Check out the live demo of Reddit Analyzer: Demo Link

System Diagram

(1) The data fetching component retrieves new posts from a specified subreddit using the Reddit PRAW library.

(2) The component updates post scores and calculates sentiment values for each post.

(3) The updated data is stored within the MongoDB database.

(4) The analysis component utilizes the Apache Spark framework to analyze the fetched post data. It establishes a connection to the MongoDB database and retrieves the posts. The component performs sentiment analysis by grouping the submissions based on time (e.g., hourly) and subreddit. It calculates the sum of sentiment scores for each group and writes the analyzed results back to the MongoDB database.

(5) The web server component is implemented using the Flask framework.
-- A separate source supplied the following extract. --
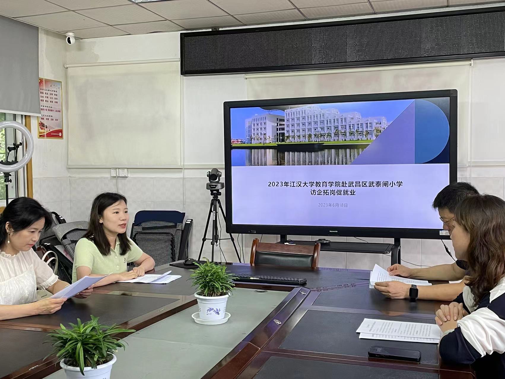 为深入贯彻落实党中央、国务院“稳就业”“保就业”的决策部署,拓展毕业生就业渠道和就业资源,助力2023届毕业生高质量精准就业,深入推进访企拓岗促就业工作。6月19日上午,小宝影院 教育学系副主任徐璐博士赴武昌区武泰闸小学开展访企拓岗促就业座谈会。武泰闸小学叶文震校长、校党委书记周燕、朱慧副校长等校领导出席会议。

It provides routes for different endpoints, such as displaying charts and submission details. The routes interact with the MongoDB database to retrieve the necessary data and pass it to the corresponding HTML templates for rendering.

Slide in Vietnamese

Usage

To use Reddit Analyzer, you'll need to follow these steps:

Configure the Reddit API credentials in the resources/praw-credential.json file. Make sure to provide your Reddit username, password, client ID, and client secret. You can obtain the client ID and client secret by creating a Reddit application on the Reddit website. Example:

{
  "client_id": "xxxxxx",
  "client_secret": "xxxxxx",
  "user_agent": "python/praw:CryptoTrending:v1.0 (by /u/huuhoangcu)"
}

Configure the MongoDB credentials in the resources/mongo-credential.json file. Example:

{
  "host": "localhost",
  "port": "27017",
  "username": "root",
  "password": "dbpw11",
  "database": "reddit_analyzer"
}

Start the airflow in docker-compose to start DAG to crawl Reddit submissions. It also perform sentiment analysis on the crawled data. Sentiment analysis will be applied to the crawled submissions, and the results will be stored in the MongoDB database. Another DAG to do spark analysis on submissions data.

python src/submissions_main.py

Or build docker image for crawler and run

# build airflow image
scripts/docker/airflow/build.sh
# to start airflow resources/mongo-docker-compose-credential.json should exist
scripts/docker/airflow/docker-compose_start.sh
# to stop
scripts/docker/airflow/docker-compose_stop.sh
# then go to localhost:8080 to start DAG

Start the Flask server to visualize the sentiment scores:

scripts/docker/server/run_local.sh

Or build docker image for server and run

# resources/mongo-docker-credential.json should exist
scripts/docker/server/build_image.sh
scripts/docker/server/run_image.sh

The Flask server will serve a web page at http://localhost:8077/ where you can see a chart visualizing the sentiment scores by subreddit.

Initiate collection index with

scripts/mongo/setup_index.sh

(Optional) To have a Slack notification for crawl monitor, we can create a file resources/slack-credential.json with content:

{
    "hook_url": "https://hooks.slack.com/services/XXXXXX/xxxx/xxxxxx"
}

Dependencies

PRAW: Python Reddit API Wrapper for crawling Reddit data.
MongoDB: NoSQL database for storing the crawled Reddit data and sentiment analysis results.
NLTK: Natural Language Toolkit for sentiment analysis using VADER (Valence Aware Dictionary and sEntiment Reasoner).
Spark: Distributed computing framework for data aggregation.
Flask: Web framework for serving the sentiment analysis results.

License

This project is licensed under the MIT License.